Brian and Shant discuss the following cases:
Salazar v. McDonald’s Corp.: Brian and Shant look at a 9th Circuit case involving the the Joint Employer Doctrine as it applies to a franchisor’s control over employees working for a franchisee.
Modaraei v. Action Property Management, Inc.: Brian and Shant discuss a holding from the California Court of Appeal in a misclassification class action where the Court affirmed the denial of class certification based on issues of predominance and superiority. The record contained evidence sufficient to support the trial court’s finding that variations between the hundreds of properties the 228 putative class members were responsible for would command individual inquiries. Similarly, the evidence to support the trial court’s superiority determination was largely the same as evidence supporting the predominance determination.
Abir Cohen Treyzon Salo, LLP v. Lahiji: After a client fired her attorney and his firm, the firm placed a lien on the client’s further recovery. The former client’s daughter then wrote a potentially defamatory review online. The firm them filed suit against the client’s daughter for defamation. The Court of Appeal affirmed the trial court’s grant of the daughter’s motion under the anti-SLAPP law. The court agreed with the trial court’s conclusion that plaintiffs did not make a prima facie showing that the daughter was legally responsible for the Yelp review postings that underly their defamation claim.
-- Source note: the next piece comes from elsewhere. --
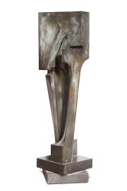 GIO' POMODORO (Orciano di Pesaro 1930 - Milano 2004) Marat, scultura volume bronzo, cm 180x60x60 eseguito negli anni Settanta L'opera è registrata presso l'Archivio Giò Pomodoro Il lavoro di Gio Pomodoro è ampiamente conosciuto in Europa, USA, Sud America, Israele e Giappone. Installato a Milano a metà degli anni '50, iniziò ad esporre nel 1954 nelle principali gallerie d'Italia: Galleria di Cavallino (Venezia), Galleria del Naviglio (Milano) e la Galleria dell'Obelisco (Roma), e poi nel corso della sua carriera alla Galerie Internationale (1961) Paris, Malborough Gallery (1967) a New York e Martha Jackson Gallery (1971) anche da New York. Ha anche partecipato più volte alla Biennale di Venezia (1956, 1962, 1984) e Documenta II a Kassel nel 1964 Nel 1996, si è tenuta a Firenze, la sua grande nella Sala delle Armi di Palazzo Vecchio.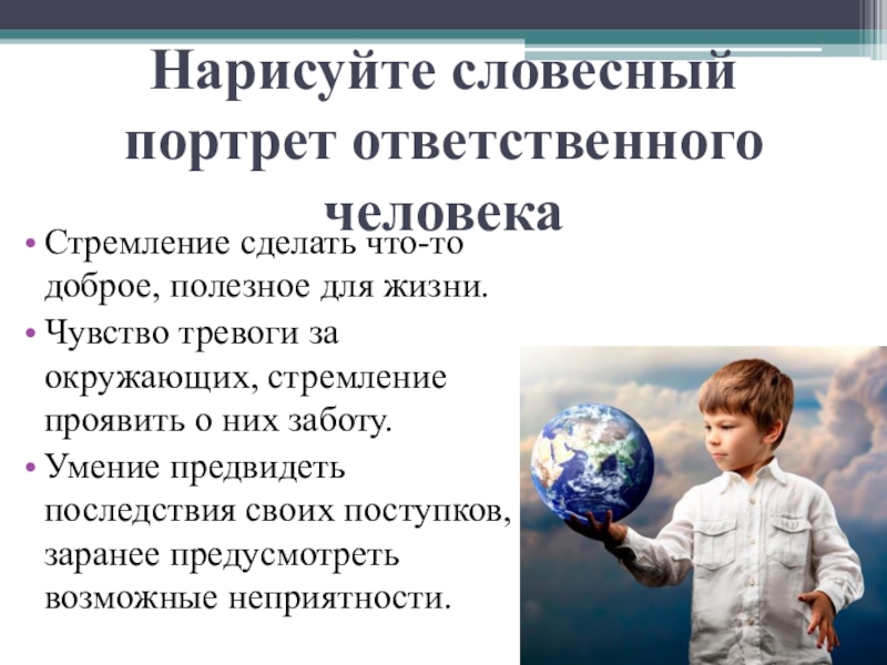 Нарисуйте словесный портрет ответственного человекаСтремление сделать что-то доброе, полезное для жизни. Чувство тревоги за окружающих, стремление проявить

Garcia v. Myllyla: Nine individual tenants prevailed in a jury trial against former owners of an illegally operated building on claims stemming from uninhabitable conditions in the building. Defendants were owners of a two-family residential building that they rented as 12 separate units. The Court of Appeal affirmed and held that the owners forfeited their argument that plaintiffs failed to introduce evidence of net worth; substantial evidence supported the jury’s finding that defendants engaged in conduct warranting punitive damages; the punitive damages were not excessive; sufficient evidence supported the jury’s award of noneconomic damages; the trial court acted within its discretion in declining to offset damages with the amounts from prior settlements; and defendants failed to show that the jury’s verdict was a result of misconduct or unfair prejudice.